INR 4930 International Studies Capstone

Photograph of a sunset

"Sunset" by WTM Consulting on Pixabay

This is an example of a stock photo downloaded from Pixabay. It has a license of Creative Commons 0 (CC0), which means it is free for commercial use.

Photograph of a sunrise

"Sunrise" by Nigel Howe on Flickr

This is an example of an image downloaded from Flickr Creative Commons. It has a license of Creative Commons 2.0 (CC BY-NC 2.0) which means you are free to share and adapt (manipulate), as long as you provide attribution. Identify who the artist/photographer is, and where you found it -- like we did above!

Public Domain and Creative Commons

What is the difference between Public Domain and Creative Commons works such as images, video, and other media? Which ones can you use for your presentations, posters, or other research endeavors?

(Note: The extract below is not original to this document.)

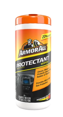 Armor All Car Interior Protectant Wipes, 30 Count Your vehicle’s interior is exposed to dirt, grime and harmful elements like UV rays and oxidation every day. Count on Armor All Car Interior Protectant Wipes to help keep your vehicle looking as good as the day you bought it. Designed for use on interior auto surfaces such as vinyl, rubber, plastic, trim and dashboards, Armor All Protectant Wipes clean, shine and protect against UVA and UVB sun damage. These interior car wipes easily lift away dirt and debris, enhance color and shine, and prevent fading and aging. Tested safe for automotive surfaces, our triple-action UV protectant preserves your car’s inherent beauty without drying out or otherwise damaging delicate materials. The non-greasy, streak-free formula leaves behind a Medium shine that rejuvenates dull surfaces. For a convenient and effective way to protect your car’s interior, use Armor All disposable car interior wipes. In addition to interior car protectant wipes, Armor All also makes protectant spray and other car care products. Give your vehicle the finish it deserves with Armor All, America's Most Trusted Auto Appearance Brand.

Public DomainPublic Domain logo

Works in the public domain include those whose intellectual property rights have expired, have been forfeited, or are inapplicable. They are therefore no longer under copyright, and can be used without permission.

If an image is in the public domain, you can safely copy, modify, and distribute it, even for commercial purposes, all without asking permission from the image creator. Find the full definition of Public Domain here.

Creative Commons

Creative Commons logo

"A Creative Commons license is used when an author wants to give people the right to share, use, and even build upon a work that they have created. CC provides an author flexibility (for example, they might choose to allow only non-commercial uses of their own work) and protects the people who use or redistribute an author's work, so they don’t have to worry about copyright infringement, as long as they abide by the conditions the author has specified." - Wikipedia

Creative Commons has many different licenses, which may restrict how you can use, share or modify an image. A Creative Commons 0 (CC0) license means that there are no restrictions, and that the image is completely free for personal and commercial use.

View the full list of Creative Commons license definitions here.

Attributing Images

The basic format for a book citation requires listing the author's name, the title of the book, the publisher's name, and the date of publication. Edited books, when cited in full, will list the editor's name instead of an author’s name. 

To cite an image in MLA 8, use the following formula:

Creator’s Last name, First name. “Title of the digital image.” Title of the website, First name Last name of any contributors, Version (if applicable), Number (if applicable), Publisher, Publication date, URL.

Here are several examples:

"Pandion haliaetus: An Osprey preparing to dive at Kennedy Space Center, Florida, USA." Wikipedia Commons, NASA, 2004, https://commons.wikimedia.org/wiki/File:OspreyNASA.jpg.

Gilpin, Laura. “Terraced Houses, Acoma Pueblo, New Mexico.” Library of Congress, Reproduction no. LC-USZ62-102170, 1939, www.loc.gov/pictures/item/90716883/.